The Health Level Seven (HL7)27 standard is a set of
international standards dedicated to providing a
comprehensive framework and related standards for the
exchange, integration, sharing and retrieval of electronic
health information that supports clinical practice and
the management, delivery and evaluation of health
services. HL7 requires using standardized terminologies
to represent health data. Besides developing its own
standardized code sets to identify administrative data
such as gender code, data type, and status codes, HL7 has
employed existing standardized health KOSs to support
unambiguously health information exchange.

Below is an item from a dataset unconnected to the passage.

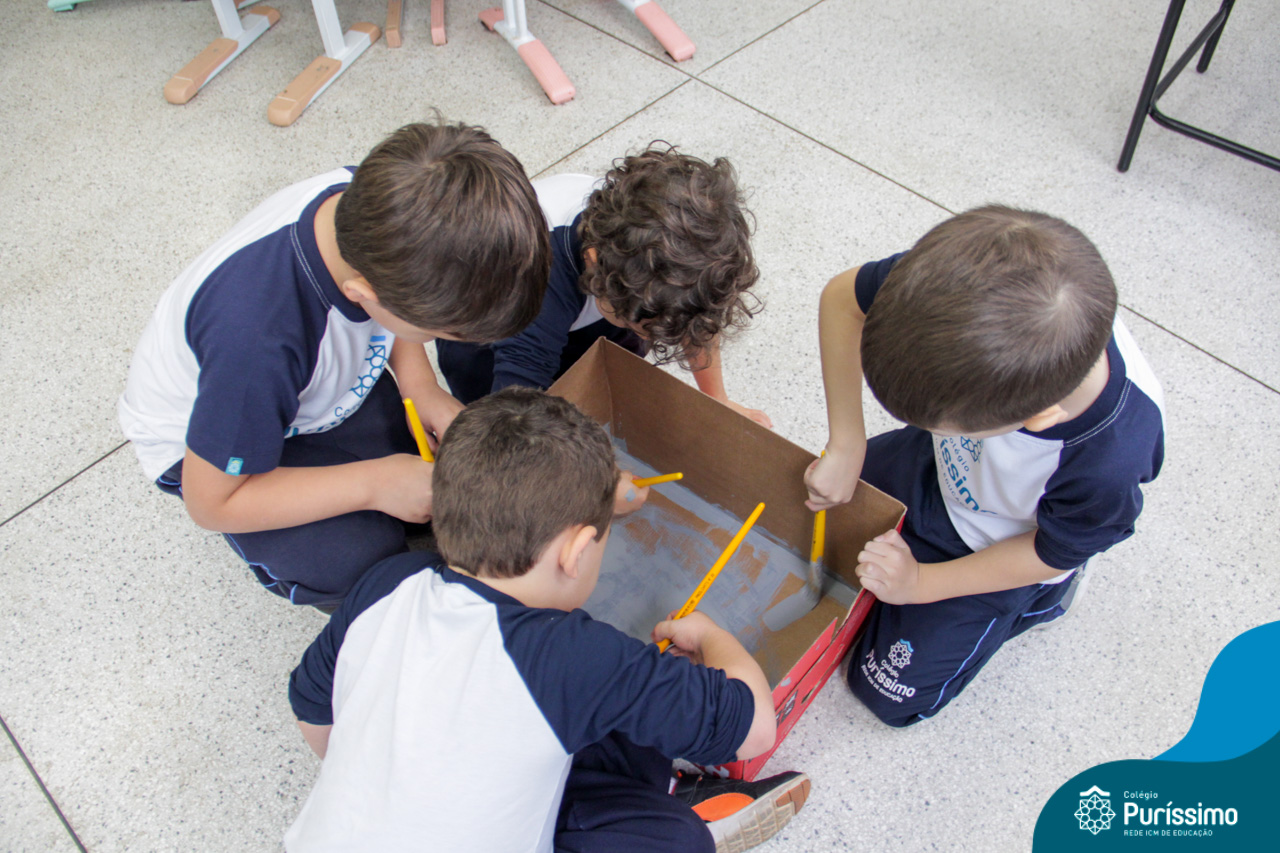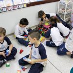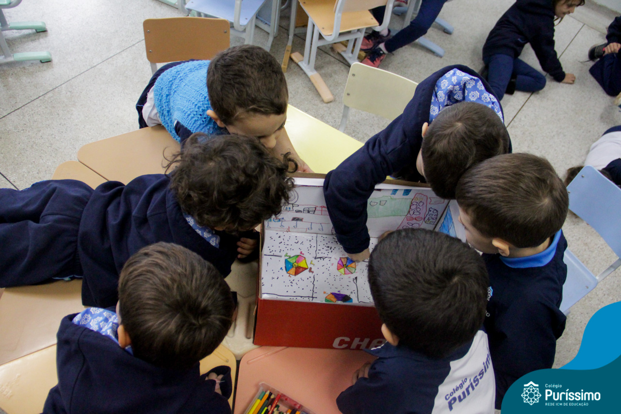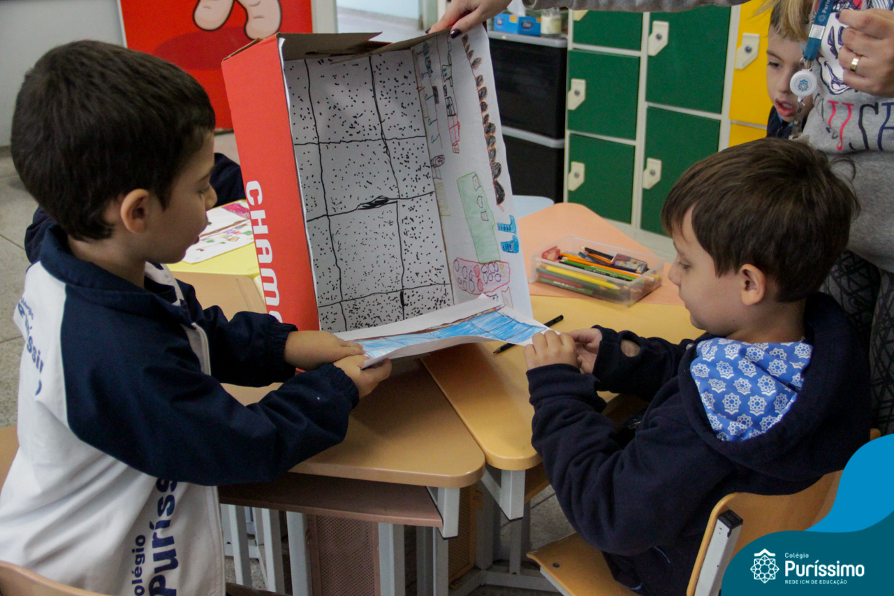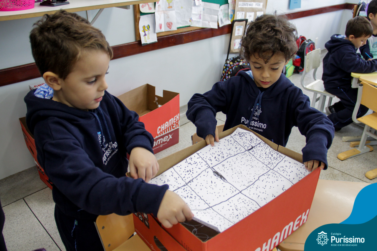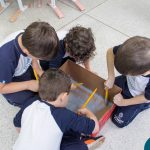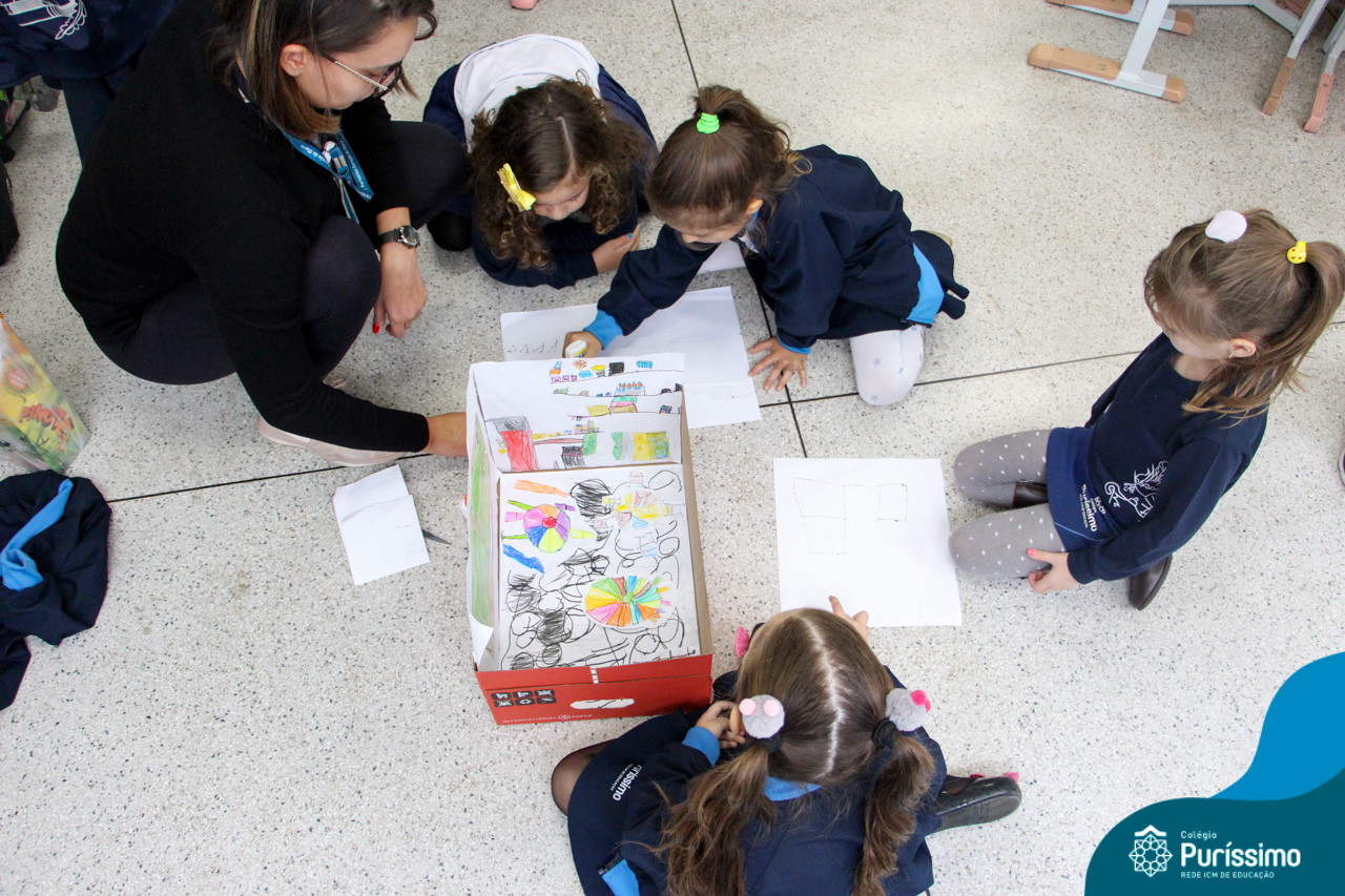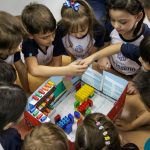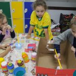 Para isso, iniciaram um projeto com iPads utilizando o jogo “Toca Builders”, onde as crianças tiveram que tentar reproduzir a sala de aula. Após a construção digital, partiram para a construção da maquete 2D onde as crianças divididas em grupos desenharam a sala. A terceira fase foi a construção da maquete com sucata e materiais que tinham na sala, como massinha, tinta e brinquedos.

In general, health KOS standards are essential parts of the
framework supporting unique applications and services for
healthcare research and practice. Initiatives to understand
the evolution and spread of viruses are necessary for public
health measures as well as for surveillance and tracking.
As viruses evolve rapidly, it becomes necessary to make
inferences about their epidemic history from genomic data,
and this is possible if the right applications can be created
to quickly harness the genomic data. No matter whether it
is during a pandemic or not, data integration will be a vital
component in the delivery of quality services as data are
ingested, captured, and collected from multiple sources.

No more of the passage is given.